Chiny w obliczu narastającego kryzysu płodności
Starzejąca się populacja spowodowała zakończenie polityki jednego dziecka – ale wskaźnik urodzeń pozostaje uparcie niski

Ed Jones/AFP/Getty Images
Chiny stoją w obliczu kryzysu płodności, który zagraża ich pozycji najludniejszego kraju na świecie.
Według CIA World Factbook, całkowity wskaźnik dzietności w Chinach wyniósł 1,6 dziecka na kobietę w 2017 roku, mniej niż w USA i Wielkiej Brytanii i znacznie mniej niż 2,1% potrzebne do utrzymania stabilnej populacji.

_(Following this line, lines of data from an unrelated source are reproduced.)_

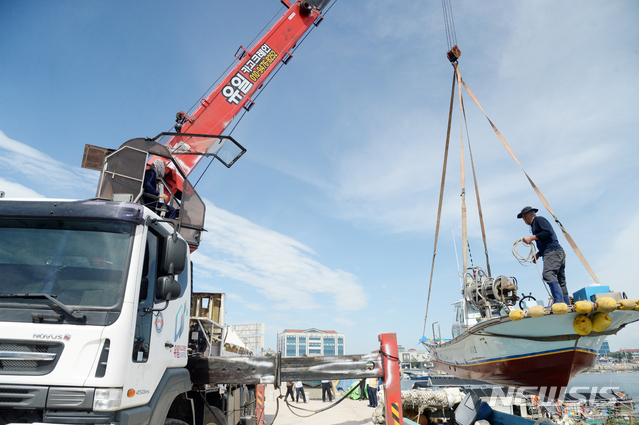 【군산=뉴시스】 김얼 기자 = 22일 전북 군산시 비응도동 비응항에 제19호 태풍 '솔릭'의 북상의 대비를 위한 어선들의 피항이 쉴 틈 없이 진행되고 있다. 2018.08.22 [email protected]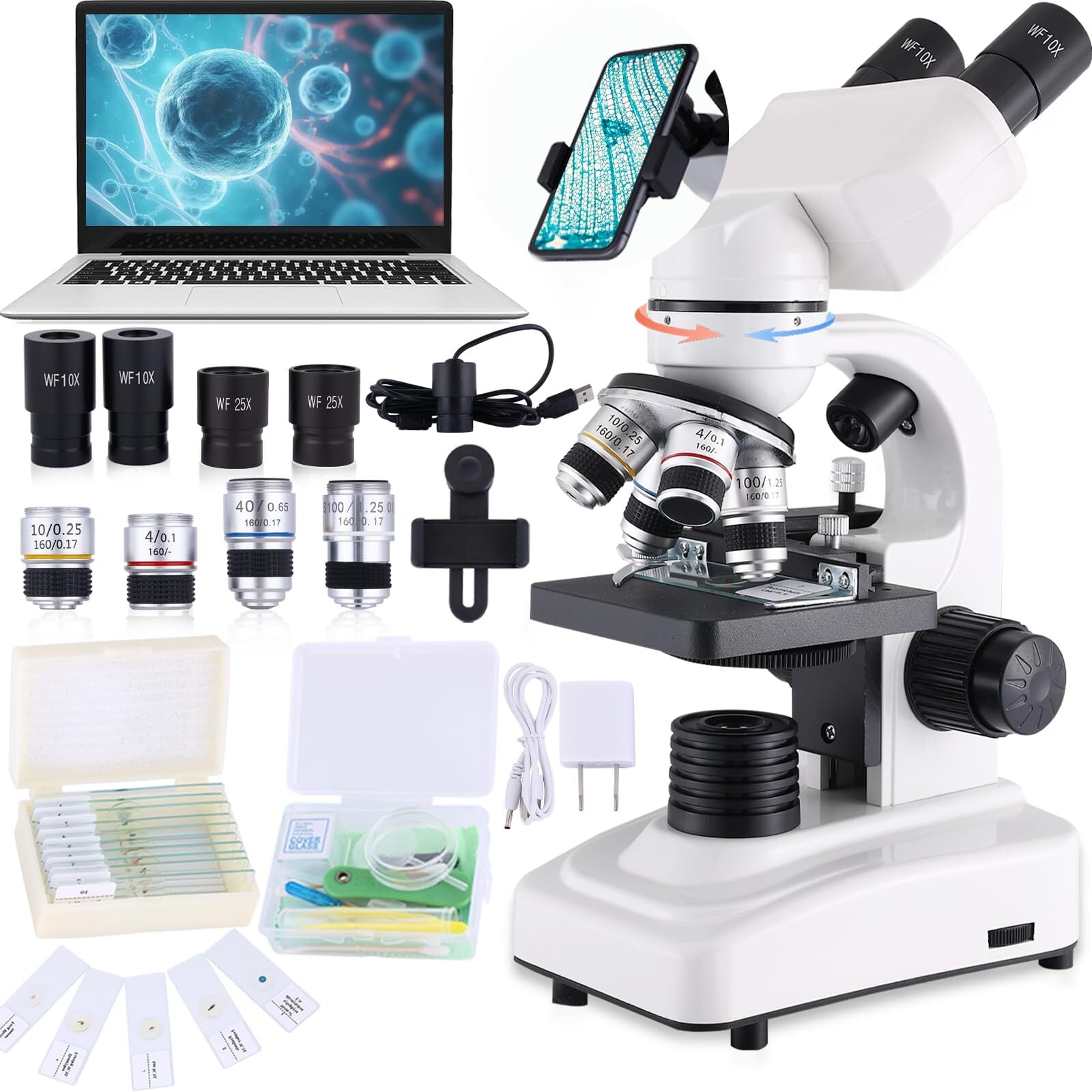Herwicm複合双眼顕微鏡 40X-2000X 極度の拡大、LED の光源が付いている 10X 25X 広角の接眼レンズ、移動ノギスが付いている実体顕微鏡、学生および専門家のための電子カメラ…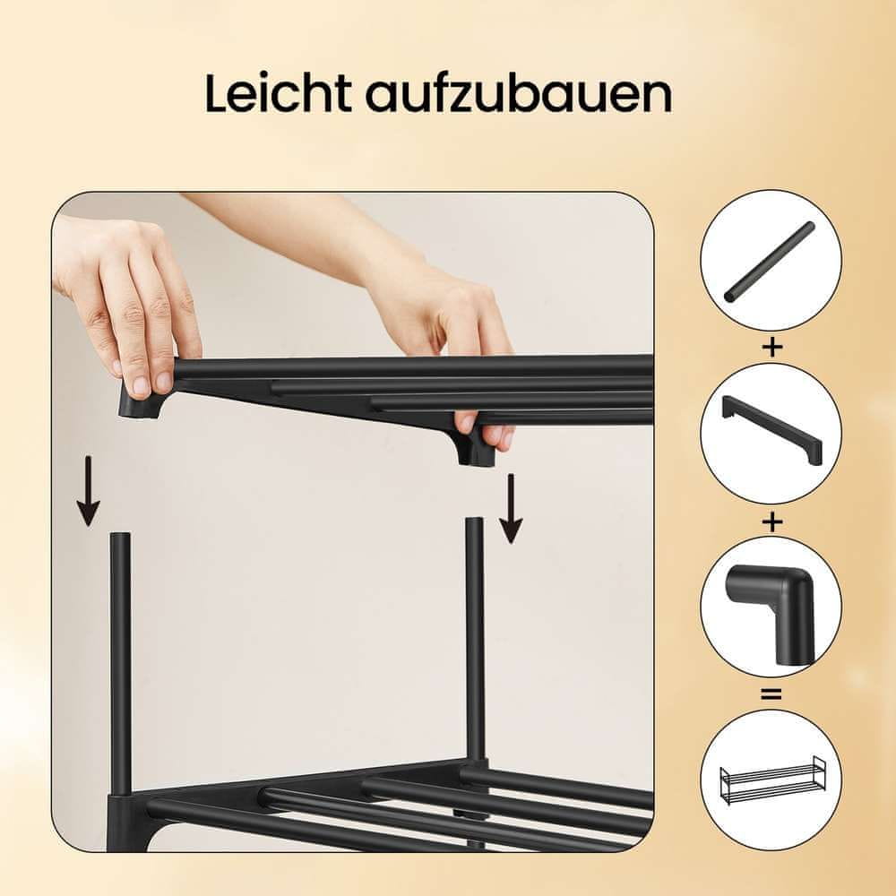 Ta kovinski regal za čevlje nudi praktično in prostor varčno rešitev za organizacijo obutve v hodniku ali dnevni sobi. Oblikovan za enostavno sestavljanje zagotavlja dovolj prostora za več parov čevljev in ga je mogoče zložiti za maksimalno izrabo vertikalnega prostora. Njegova trdna konstrukcija zagotavlja zanesljivo podporo za vašo zbirko čevljev.
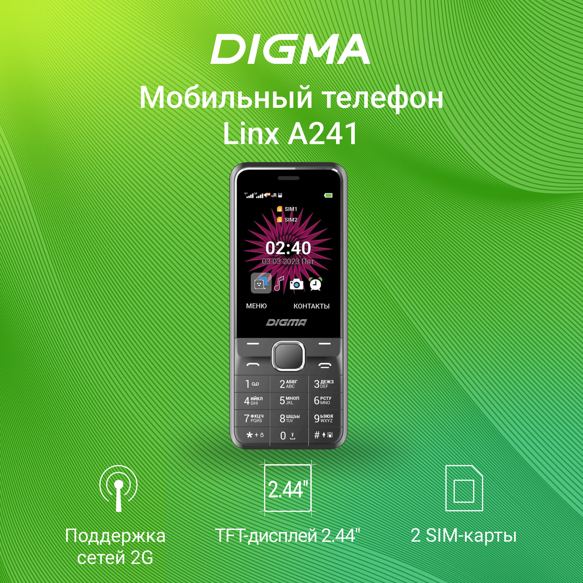 Телефон DIGMA Linx A241 2G, черный

W ostatnich latach chińskie władze dążyły do zwiększenia wskaźnika urodzeń, najpierw poprzez zniesienie kontrowersyjnej, wieloletniej polityki jednego dziecka w 2015 r., a następnie w tym roku znosząc drakońską Komisję Planowania Rodziny, która egzekwowała tę politykę.
Jednak skutki polityki jednego dziecka okazują się trudniejsze do przezwyciężenia, zwłaszcza że więcej kobiet decyduje się na posiadanie dzieci w późniejszym życiu ze względu na wysokie koszty utrzymania, długie godziny pracy, nieprzyjazną politykę macierzyńską i wysokie koszty opieki nad dziećmi.
CNN mówi, że kwestie środowiskowe, w tym zanieczyszczenie, mogą również być czynnikami, szczególnie w przypadku niepłodności męskiej.
Nadawca twierdzi, że kolejną konsekwencją polityki jednego dziecka jest odwrócona piramida populacji , przy malejącej liczbie pracowników, aby wspierać starzejącą się populację.
Innym problemem jest 40% wskaźnik poczęć w Chinach, znacznie poniżej krajów takich jak Stany Zjednoczone, Tajlandia i Malezja, które mają 60% do 65%, według raportu Qianzhan Industry Research Institute.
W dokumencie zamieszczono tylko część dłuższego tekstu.